:: Records for this task ::

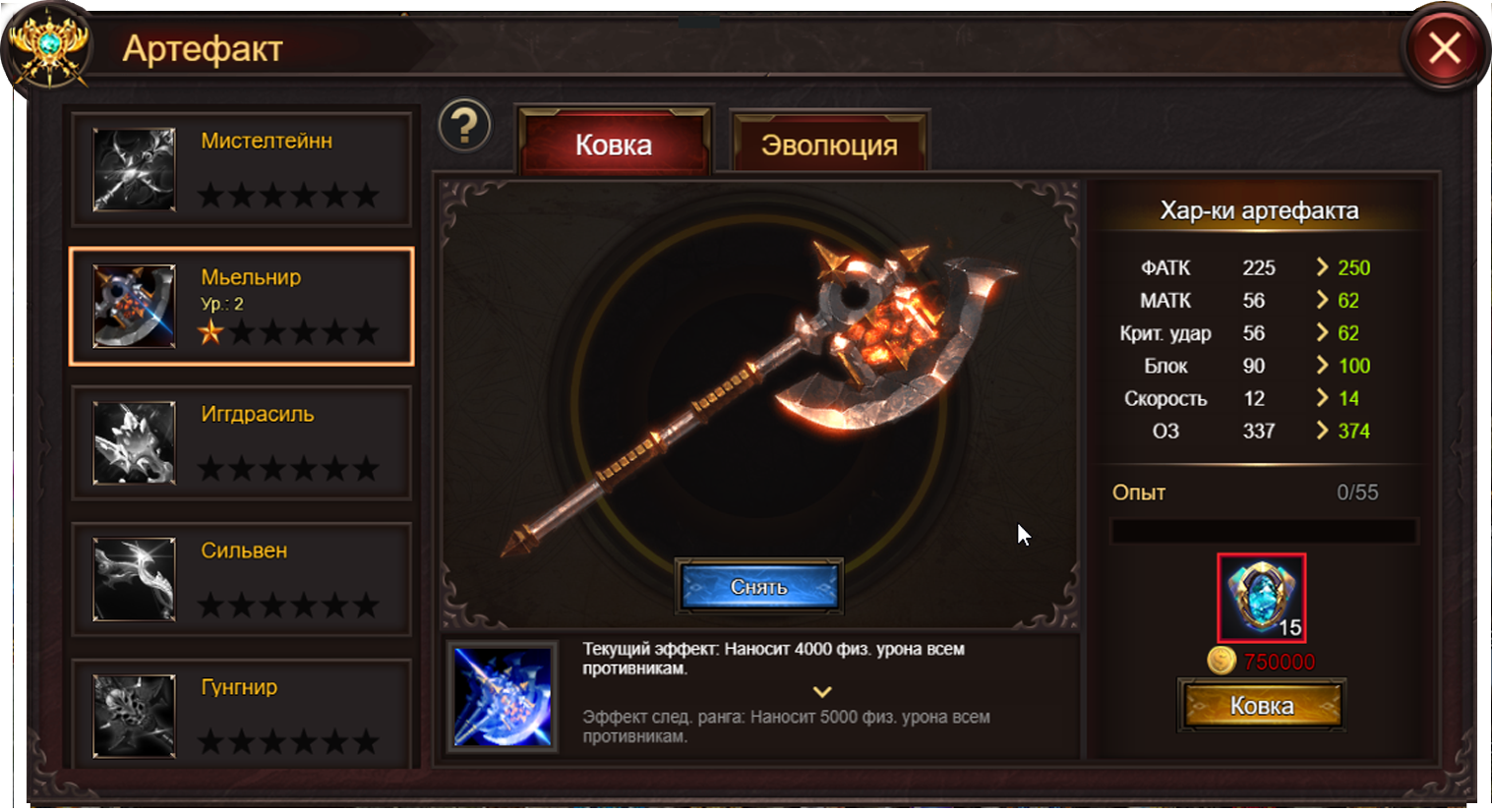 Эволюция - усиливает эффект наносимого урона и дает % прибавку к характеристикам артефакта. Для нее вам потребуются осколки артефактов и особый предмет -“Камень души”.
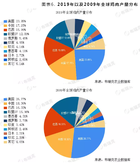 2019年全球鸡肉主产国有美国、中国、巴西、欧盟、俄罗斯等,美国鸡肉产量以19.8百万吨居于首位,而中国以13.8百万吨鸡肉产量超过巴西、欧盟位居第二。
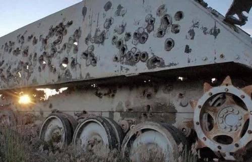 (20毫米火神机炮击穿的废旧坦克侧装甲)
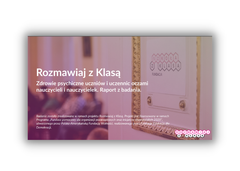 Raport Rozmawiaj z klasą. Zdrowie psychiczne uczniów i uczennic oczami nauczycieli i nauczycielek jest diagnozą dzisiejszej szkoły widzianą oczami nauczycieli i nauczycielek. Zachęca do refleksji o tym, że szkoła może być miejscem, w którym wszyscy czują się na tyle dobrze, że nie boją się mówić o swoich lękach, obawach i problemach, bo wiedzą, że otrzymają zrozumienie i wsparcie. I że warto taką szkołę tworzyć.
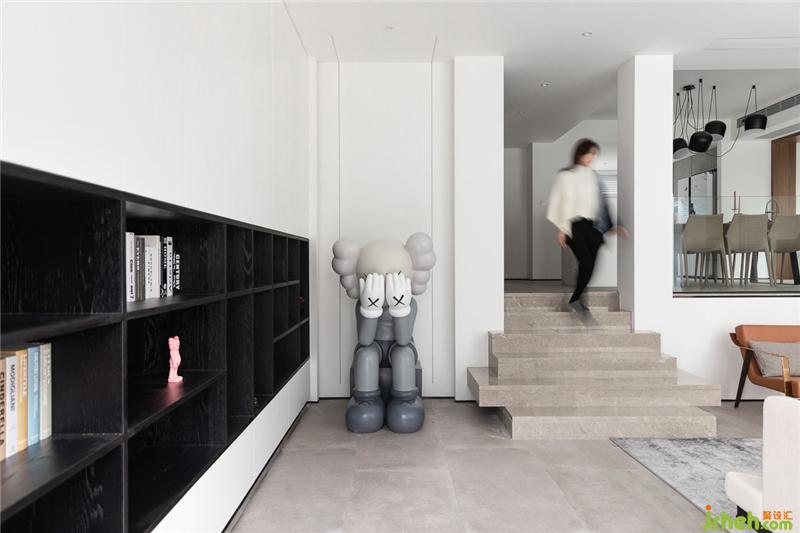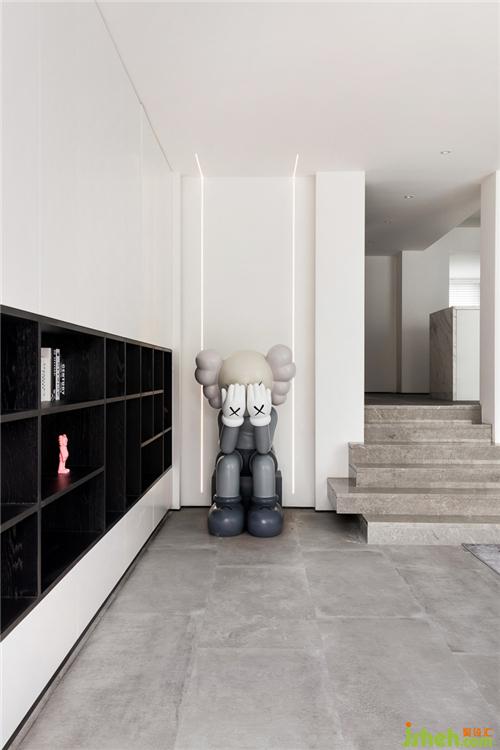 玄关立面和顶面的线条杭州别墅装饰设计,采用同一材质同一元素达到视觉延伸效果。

:::

_What you will do:_
This exercise needs every entry retyped exactly, with the pictures removed.

_Task answer:_
 Эволюция - усиливает эффект наносимого урона и дает % прибавку к характеристикам артефакта. Для нее вам потребуются осколки артефактов и особый предмет -“Камень души”.
 2019年全球鸡肉主产国有美国、中国、巴西、欧盟、俄罗斯等,美国鸡肉产量以19.8百万吨居于首位,而中国以13.8百万吨鸡肉产量超过巴西、欧盟位居第二。
 (20毫米火神机炮击穿的废旧坦克侧装甲)
 Raport Rozmawiaj z klasą. Zdrowie psychiczne uczniów i uczennic oczami nauczycieli i nauczycielek jest diagnozą dzisiejszej szkoły widzianą oczami nauczycieli i nauczycielek. Zachęca do refleksji o tym, że szkoła może być miejscem, w którym wszyscy czują się na tyle dobrze, że nie boją się mówić o swoich lękach, obawach i problemach, bo wiedzą, że otrzymają zrozumienie i wsparcie. I że warto taką szkołę tworzyć.
 玄关立面和顶面的线条杭州别墅装饰设计,采用同一材质同一元素达到视觉延伸效果。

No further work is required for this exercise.